Why doesn't an infinitely recursive async function cause stack overflow?

那年仲夏 提交于 2021-02-06 16:28:44

问题


I was thinking what happens when an async function recursively calls itself infinitely. My thought was that it will not cause stack overflow. But I can't exactly point out why this is the case.

const foo = async () => {
    const txt = await Promise.resolve("foo");
    console.log(txt);
    foo();
}

foo();

The code above prints "foo" infinitely without overflowing the stack.

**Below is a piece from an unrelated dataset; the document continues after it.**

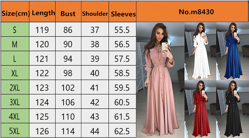 - Product Name: Summer Autumn Turn-Down Collar Button Long Sleeve Shirt Dress M8430

My idea is that the code is conceptually similar to the following, it doesn't cause stack overflow because the recursive call to foo() is inside the callback, the original call to foo() will return before that.

const bar = () => {
    console.log("foo");
    foo();
}

const foo = () => {
    setImmediate(bar);
}

foo();

I am looking for the exact answer as to what happens in the case of the async function.


回答1:


Your code doesn't produce stack overflow because when you have call foo inside function it is not awaited. If you write await foo(); then it should cause stack overflow.

Consider below two cases:

Case 1 Here as per your code. From a() it will call foo without await. So what will happen when it calls foo() as it is async function, it would be scheduled to run after the current execution resolves. Or even more precisely, it will be queued for later execution and immediately a() will also continue from next line. You can see the output that a() is getting ended first, it doesn't wait for call stack for foo to return;

const foo = async () => {
    const txt = await Promise.resolve("foo");
    console.log(txt);
}

const a = async () => {
    const txt = await Promise.resolve("a");
    console.log(txt);
    foo();
    console.log("-- ENd of a() --");
}

a();

Case 2 Here inside a() it will call foo with await. You can see the output that a() is waiting for return from foo() then only it will continue on next line.

const foo = async () => {
    const txt = await Promise.resolve("foo");
    console.log(txt);
}

const a = async () => {
    const txt = await Promise.resolve("a");
    console.log(txt);
    await foo();
    console.log("-- ENd of a() --");
}

a();



回答2:


This function is syntactic sugar for

const foo = () => 
  Promise.resolve(
    Promise.resolve("foo")
    .then(txt => {
      console.log(txt);
      foo();
    })
  );

foo();

This itself can be rewritten with less dependencies as

const foo = () =>
  queueMicrotask(() =>
    queueMicrotask(() => {
      console.log("foo");
      foo();
    })
  );
foo();

Window.queueMicrotask is a quite new method that gives us a way to trigger the queue a microtask operation that Promise.resolve and hence await do trigger.
Basically, this operation pushes the microtask at the end of the current execution, but before the end of the current event loop.

The sixth point of the algorithm reads

Set task's script evaluation environment settings object set to an empty set.

This is why you don't have a stack-overflow here. However, since you are never exiting the event loop, you are blocking the browser.